The data were collected as part of a research study on the Pima Indian tribe, and contain the following variables:
The code below loads the data from the mlbench
library, then filters it to remove any cases with missing values.
library(mlbench)
data(PimaIndiansDiabetes2)
pima <- PimaIndiansDiabetes2[complete.cases(PimaIndiansDiabetes2),]
summary(pima)
## pregnant glucose pressure triceps
## Min. : 0.000 Min. : 56.0 Min. : 24.00 Min. : 7.00
## 1st Qu.: 1.000 1st Qu.: 99.0 1st Qu.: 62.00 1st Qu.:21.00
## Median : 2.000 Median :119.0 Median : 70.00 Median :29.00
## Mean : 3.301 Mean :122.6 Mean : 70.66 Mean :29.15
## 3rd Qu.: 5.000 3rd Qu.:143.0 3rd Qu.: 78.00 3rd Qu.:37.00
## Max. :17.000 Max. :198.0 Max. :110.00 Max. :63.00
## insulin mass pedigree age diabetes
## Min. : 14.00 Min. :18.20 Min. :0.0850 Min. :21.00 neg:262
## 1st Qu.: 76.75 1st Qu.:28.40 1st Qu.:0.2697 1st Qu.:23.00 pos:130
## Median :125.50 Median :33.20 Median :0.4495 Median :27.00
## Mean :156.06 Mean :33.09 Mean :0.5230 Mean :30.86
## 3rd Qu.:190.00 3rd Qu.:37.10 3rd Qu.:0.6870 3rd Qu.:36.00
## Max. :846.00 Max. :67.10 Max. :2.4200 Max. :81.00
Part A: The code below is used to display histograms of each numeric predictor in the dataset. Based upon your inspection of these graphs, apply a base-two log-transformation to each predictor that appears to be highly right-skewed before proceeding to the model building portion of this application (Part B).
par(mfrow = c(3,3))
for(i in 1:(ncol(pima) - 1)){
hist(pima[,i], main = paste(names(pima)[i]), xlab = "", ylab = "")
}
Part B: Using the new dataset you constructed in Part A, apply a stepwise backwards elimination algorithm that uses AIC to select the optimal logistic regression model for predicting “diabetes”.

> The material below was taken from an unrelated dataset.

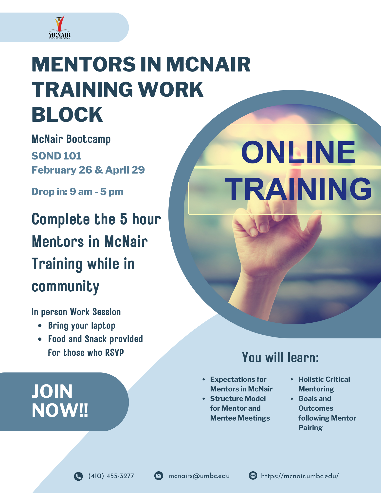 Join the in-person Mentors in McNair Training Work Block and complete the 5- 6 hour training while in community! We are providing an optional workspace to utilize during our pre-scheduled boot camp, and you can drop by anytime between 9 and 5. Bring your laptop, and lunch will be available for those who RSVP.

Part C: Report the in-sample accuracy of the model you selected in Part B. Briefly comment upon why an ROC analysis might be more useful than raw accuracy in this application.
Part D: Create an ROC curve displaying the sensitivity and specificity of the model you selected in Part B. Based upon this curve, determine a predicted probability cutoff (ie: threshold value of \(t\)) that you feel does the best job balancing the need for sensitivity and specificity in this application. Report your cutoff along with the corresponding sensitivity and specificity.
\(~\)
For this question I’d like you to read the 14-page paper linked here: Statistical Modeling - The Two Cultures It’s not essential that you read the entire paper in great detail, but I’d like for you to read it closely enough to extract the main arguments. For reference, the author of this paper is perhaps the most well-known researcher in the area of Classification and Regression Trees, and his essay is considered a “must read” in most data science programs.
For this question, I’d like you to write a 1-2 paragraph reflection that summarizes the main ideas of the paper, as well as your opinions regarding the author’s arguments. A satisfactory response will include at least five thoughtfully crafted sentences.